In his speech to the General Assembly, President Barack Obama insisted that Palestinian statehood could only come from continued negotiations with Israel. He told a packed assembly hall: ”Let’s be honest – Israel is surrounded by neighbours that have waged repeated wars against it. Israel’s citizens have been killed by rockets fired at their houses; and suicide bombs on their buses. Israel’s children come of age, knowing that throughout the region other children are thought to hate them.

”Israel, a small country of less than 8 million people, looks out at a world where leaders of much larger nations threaten to wipe it off the map. The Jewish people carry the burden of centuries of exile, persecution, and the fresh memory of knowing that 6 million people were killed simply because of who they were.” In the audience Mr Abbas dropped his head into his hands three times during a speech that Palestinian delegates were concerned contained no acknowledgment of Palestinian suffering and which one of the Palestinian leader’s colleagues described as ”a disaster”.

Daniel Levy, a former peace negotiator in the government of Israeli prime minister Ehud Barak, said the speech showed that the US President was boxed in by domestic politics and a pro-Israel Congress.

”There is virtually no thread of reason running between the way he related to the rest of the world and its developments, particularly in the Middle East, and the positions he espoused on Israel-Palestine,” said Mr Levy, now director of the Middle East Task Force at the New America Foundation.

Getting down to business: President Barack Obama meets Palestinian Authority President Mahmoud Abbas in New York. Photo: AFP

”Palestinian freedoms, rights and self-determination are somehow supposed to be attained without the recourse to leverage, international law, or meaningful international support, considered to be necessary and legitimate virtually everywhere else.”

Mr Netanyahu, who was not present to hear the speech, said that Mr Obama should consider it a ”badge of honour”.

Mr Sarkozy called for a new multilateral initiative, based on a timetable that would see the borders of a Palestinian state agreed within six months and a final deal within a year.

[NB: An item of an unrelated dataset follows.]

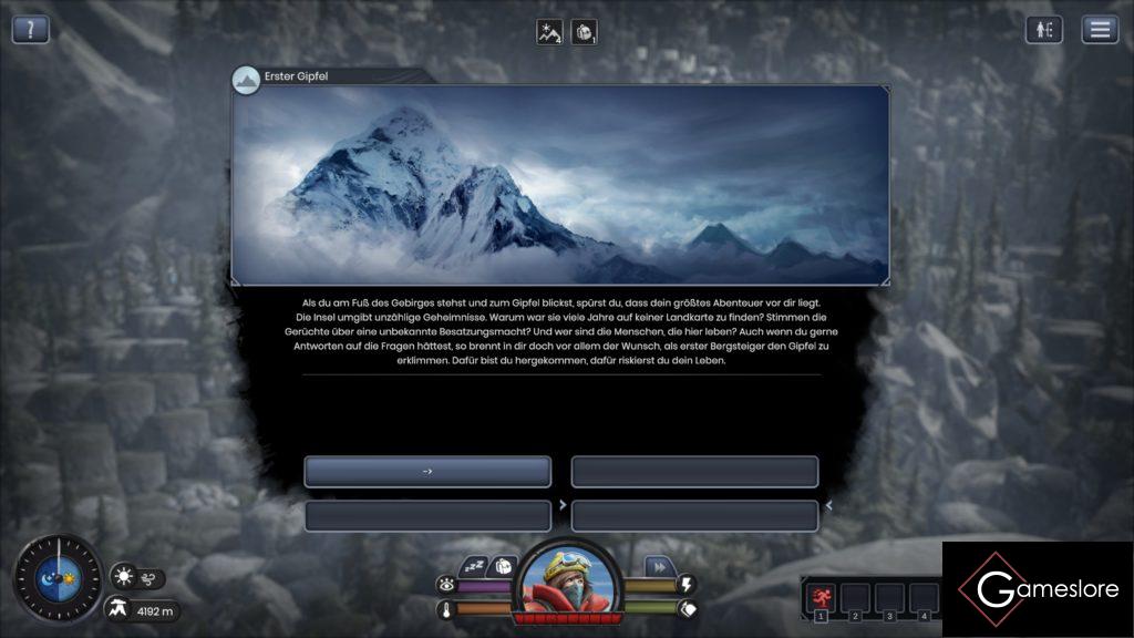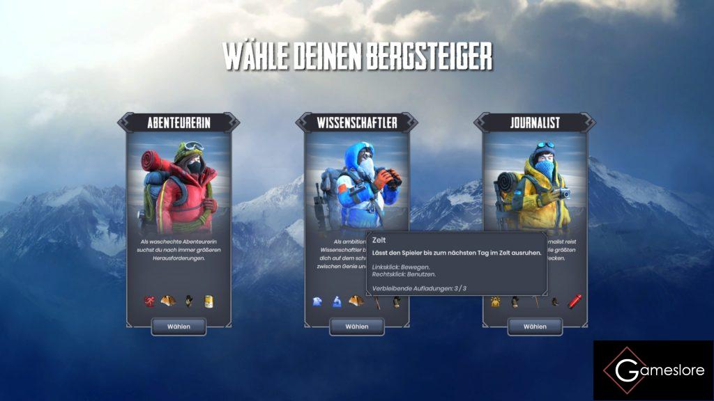 Bevor es aber auf den Berg geht, muss man sich für einen von drei Bergsteigern entscheiden. Da wäre einmal der Abenteurer, dann der Forscher und zu guter Letzt der Journalist. Jede dieser „Klassen“ hat bestimmte Eigenschaften. So kann der Forscher etwas forschen und kriegt Erfahrungspunkte, dafür muss man aber Zeit investieren. Genauso unterscheiden sich die Starteigenschaften. Dann kann man sich einen von drei Gipfeln aussuchen und eine von drei Routen. Diese unterscheiden sich in Schwierigkeit und in Events, die auftreten können. So können einem zum Beispiel Erscheinungen begegnen.

In a blunt rejection of Washington’s management, he declared: ”We can wait no longer. The [US] method is no longer working. Change the method – cease believing that a single country or a small group of countries can solve a problem of such complexity.”

Mr Sarkozy argued that the Palestinians should bypass the Security Council and instead ask to be admitted as an observer state to the General Assembly. He warned that the use of the US veto would probably spark violence in the Middle East. Mr Obama refused to engage with reporters on Mr Sarkozy’s position.